A enfermeira saiu em seguida, sem que eu pudesse formular qualquer pensamento. Logo retornou com um homem pouco mais alto que ela, também acima do peso, cabelos brancos e ralos, óculos emoldurando um rosto sisudo.

- Eu sou o doutor Simão. Não sou o médico responsável pelo seu caso, mas já li sua ficha. Você sente alguma dor, algum desconforto?

Enquanto ele falava, observava meus olhos com uma lanterninha, verificou outros reflexos motores, pulsação e batimentos cardíacos. Depois fez algumas anotações numa prancheta.

- Não sinto nenhuma dor, só me sinto um pouco entorpecida e desorientada.

- É natural. Seu acidente não deixou nenhum outro trauma físico além do traumatismo craniano, nenhuma fratura exteriorizada ou interna, somente alguns hematomas nos braços e pernas. A batida na sua cabeça causou uma fratura no crânio e edema cerebral, que é um acúmulo de líquido numa determinada parte do cérebro. Hoje faz quinze dias desde que deu entrada neste hospital e esteve em coma por todo esse tempo, devido ao acúmulo de líquido. Vou solicitar uma nova tomografia para verificar se há vestígios do edema e fratura.
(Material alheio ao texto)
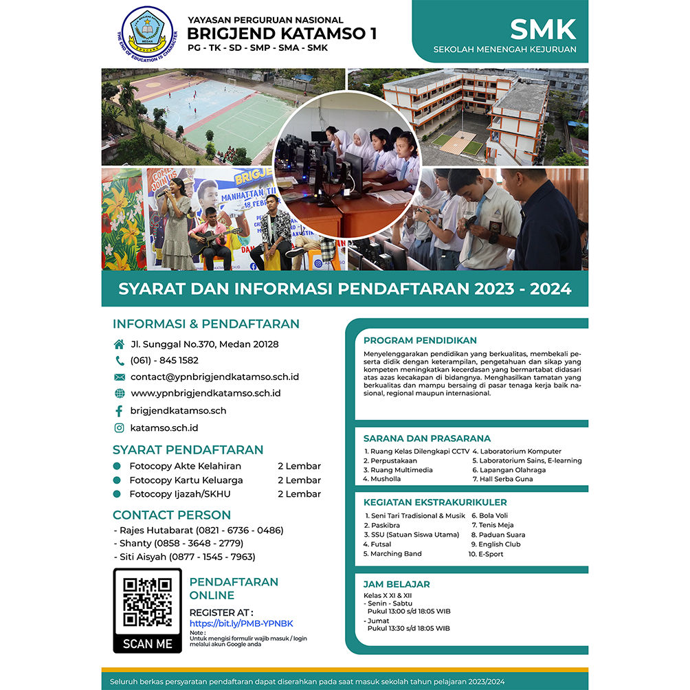 Silahkan menggunakan QR Code atau Link Formulir Online, untuk melakukan Pendaftaran Calon Siswa Baru di Yayasan Perguruan Nasional Brigjend Katamso, Tahun Pelajaran 2023-2024,Klik disini
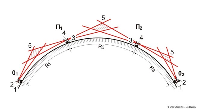 Схема радиорелейной линии тропосферной связи: О и П — оконечная и промежуточная приемо-передающие радиостанции; R — расстояние между станциями (по дуге земной поверхности); 1, 3 — радиопередатчики и радиоприемники оконечных и промежуточных станций; 2, 4 — приемо-передающие антенны оконечных и промежуточных станций; 5 — переизлучающие области тропосферы.
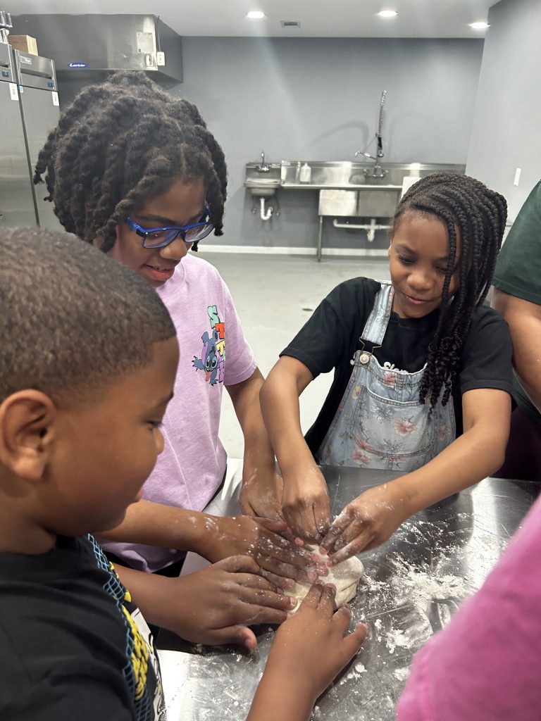 When the children arrived, we welcomed them and explained the day’s activities. After introductions and handwashing, the group was divided into five groups. Each group lightly floured their workspace and shaped the dough into 10-inch personal pan pizzas. The youth had a variety of toppings to choose from, including pepperoni, small chunks of ham, onions, bell peppers, and, of course, cheese.

- Eu não me lembro desse acidente, aliás, eu não me lembro de absolutamente nada antes de acordar aqui.

- A amnésia é uma decorrência natural após um traumatismo craniano. Essa amnésia pode ser temporária.

- Mas pode ser permanente... – sussurrei amedrontada diante desta possibilidade.

- Sim, mas tente não pensar nisso, pois agitação não seria bom no seu caso. O mais comum é que logo você se lembre das coisas.

Dizendo isso ele saiu rapidamente. A enfermeira ainda estava checando os aparelhos em que eu estava ligada e também as medicações da IV (intravenosa).

- Agora que você acordou vai poder ir para um quarto ao invés de ficar aqui na UTI. Lá será mais tranqüilo e sua família poderá estar o tempo todo ao seu lado.

Família? Eu tinha uma família? Por que não consigo me lembrar de ninguém?

Vendo meu estado a enfermeira tentou me acalmar:

- O doutor Simão disse que era comum a falta de lembranças. Não fique nervosa, logo isso vai mudar você verá. Eu não sei muito bem sobre sua família, mas nos meus turnos eu pude ver um homem quase da sua idade, que disse ser seu marido e um casal mais velho que disseram ser seus sogros. Olhe pelo lado bom, você tem uma família que se importa contigo. Agora pare de se preocupar e procure descansar.

A sonolência já estava me dominando, mesmo que minha cabeça estivesse a toda com as “novas” informações. Logo o sono me reivindicou.